→ **ACTIVITY**: Word for word, restate the lines of the data below between those holding "The suiting trend" and "- Wide Application: Self-Adhesive", inclusive; pictures do not belong in the copy.

(MATERIAL SHOWN)

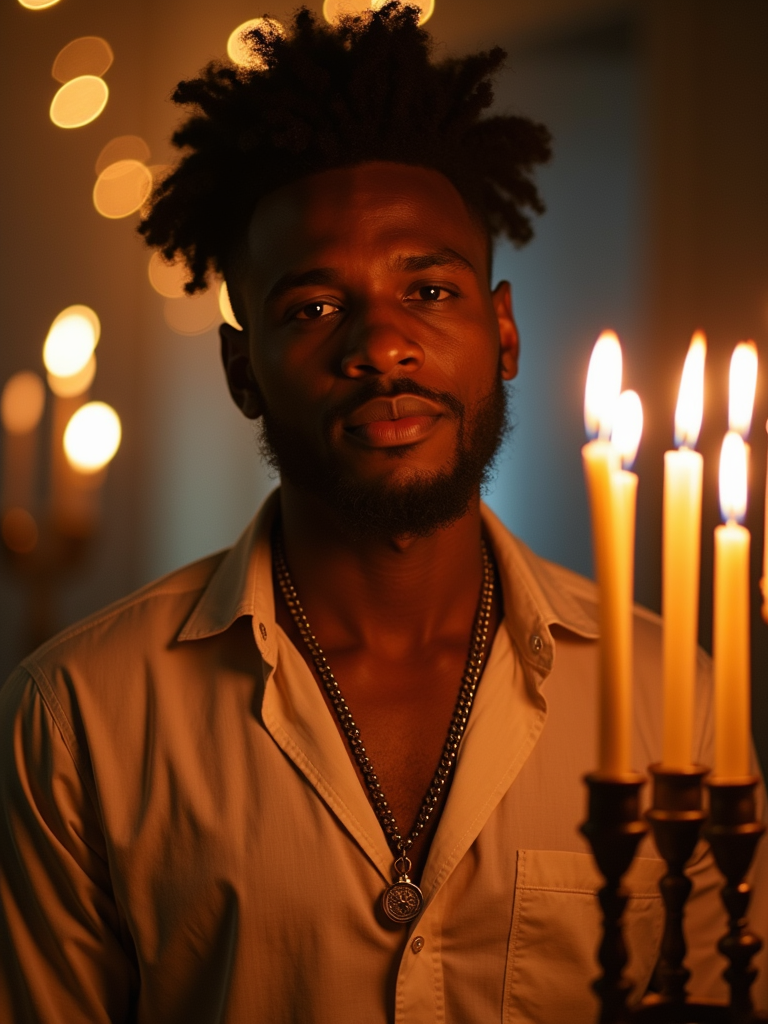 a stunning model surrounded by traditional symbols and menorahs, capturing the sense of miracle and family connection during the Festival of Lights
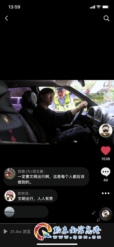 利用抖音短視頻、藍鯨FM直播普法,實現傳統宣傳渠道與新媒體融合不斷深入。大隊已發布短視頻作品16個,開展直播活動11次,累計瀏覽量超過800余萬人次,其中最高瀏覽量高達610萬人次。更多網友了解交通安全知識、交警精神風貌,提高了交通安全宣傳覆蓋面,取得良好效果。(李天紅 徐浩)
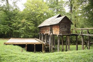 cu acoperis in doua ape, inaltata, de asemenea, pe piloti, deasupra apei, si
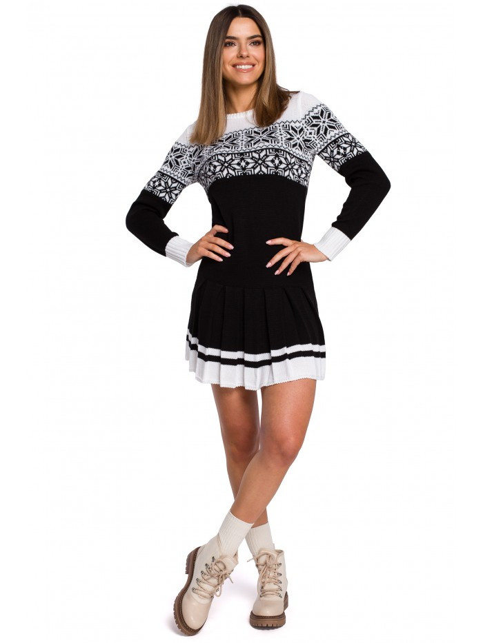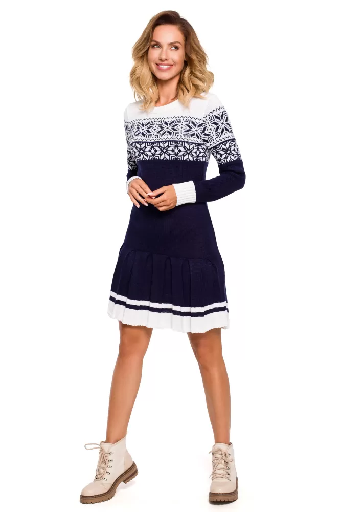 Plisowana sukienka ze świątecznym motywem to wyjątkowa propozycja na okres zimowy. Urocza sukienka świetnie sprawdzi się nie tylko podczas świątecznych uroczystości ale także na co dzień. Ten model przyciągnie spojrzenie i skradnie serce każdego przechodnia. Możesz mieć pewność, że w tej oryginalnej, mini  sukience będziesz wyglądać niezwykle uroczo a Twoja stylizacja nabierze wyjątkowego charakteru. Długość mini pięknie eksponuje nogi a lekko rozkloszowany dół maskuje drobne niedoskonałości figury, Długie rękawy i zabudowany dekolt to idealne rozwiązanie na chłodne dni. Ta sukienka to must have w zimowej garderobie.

(End MATERIAL SHOWN)
(MATERIAL SHOWN)

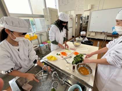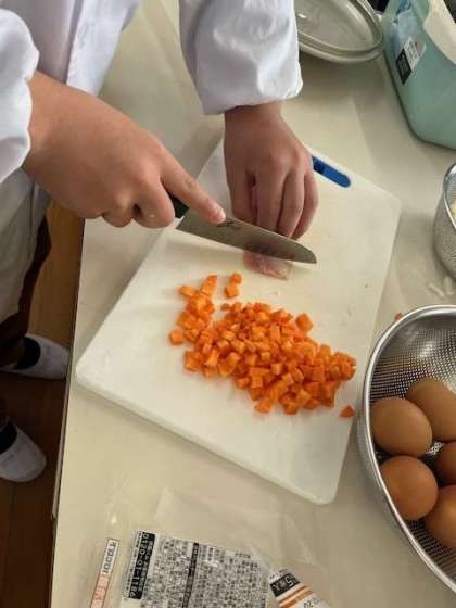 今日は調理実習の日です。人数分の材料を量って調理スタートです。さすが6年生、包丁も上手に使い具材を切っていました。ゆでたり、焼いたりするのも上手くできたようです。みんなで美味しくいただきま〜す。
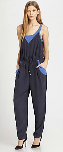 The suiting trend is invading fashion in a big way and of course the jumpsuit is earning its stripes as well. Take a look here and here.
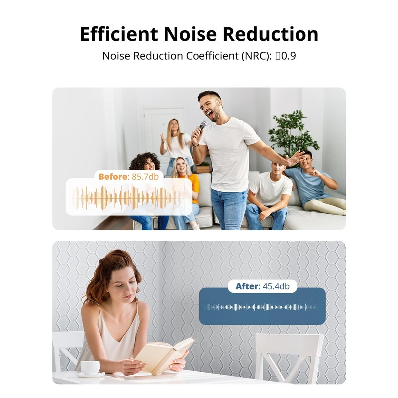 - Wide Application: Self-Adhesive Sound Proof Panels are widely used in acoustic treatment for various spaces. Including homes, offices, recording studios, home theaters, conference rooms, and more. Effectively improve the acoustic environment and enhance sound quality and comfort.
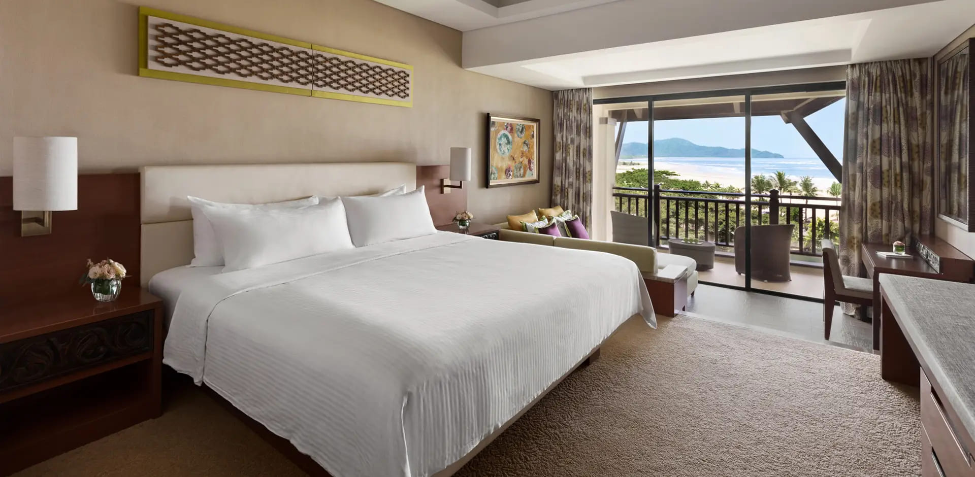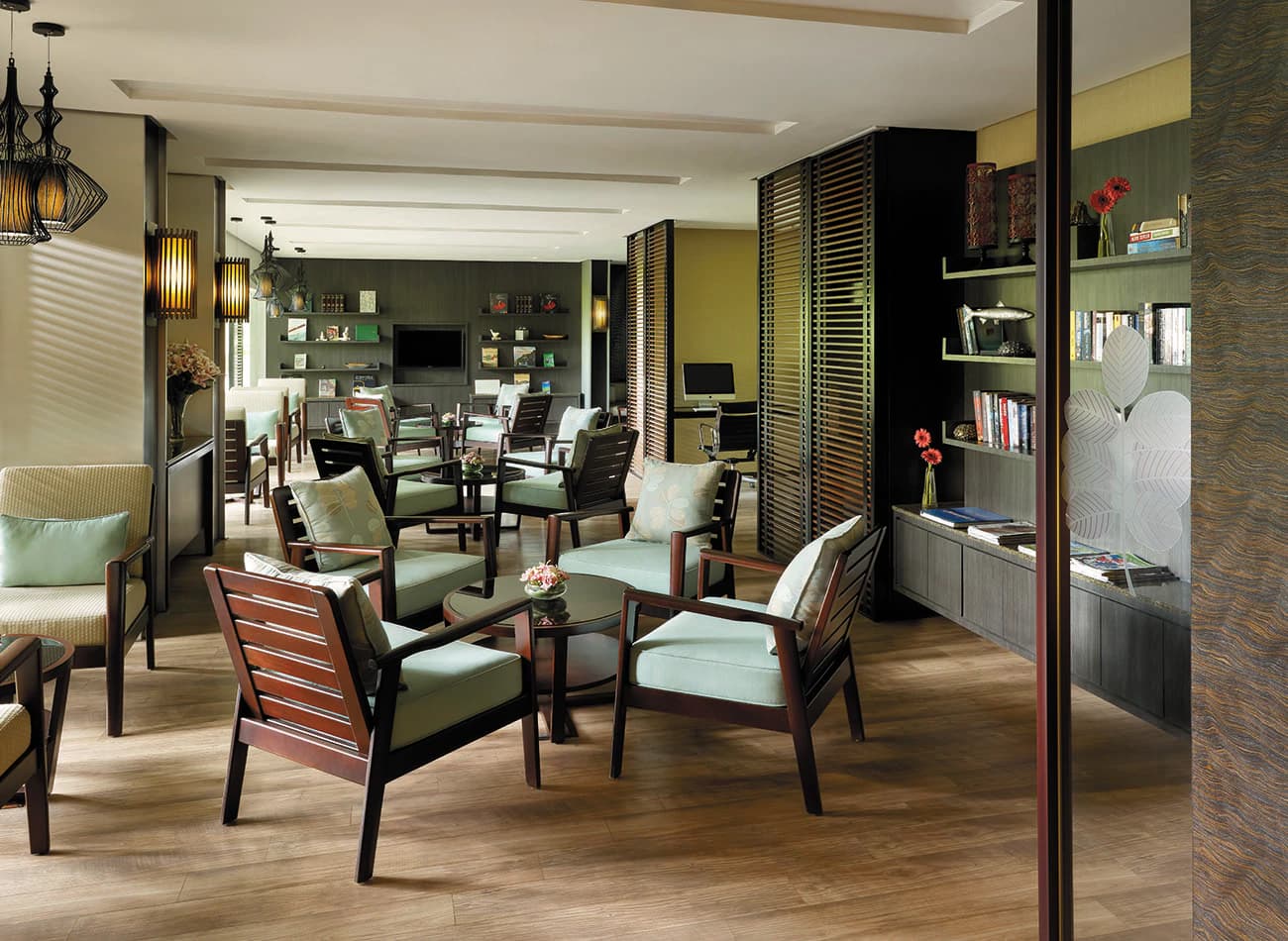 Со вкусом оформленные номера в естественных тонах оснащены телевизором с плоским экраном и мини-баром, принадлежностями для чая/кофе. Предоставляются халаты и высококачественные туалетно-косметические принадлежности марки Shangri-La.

(End MATERIAL SHOWN)

→ **RESPONSE TO THIS EXERCISE**:
 The suiting trend is invading fashion in a big way and of course the jumpsuit is earning its stripes as well. Take a look here and here.
 - Wide Application: Self-Adhesive Sound Proof Panels are widely used in acoustic treatment for various spaces. Including homes, offices, recording studios, home theaters, conference rooms, and more. Effectively improve the acoustic environment and enhance sound quality and comfort.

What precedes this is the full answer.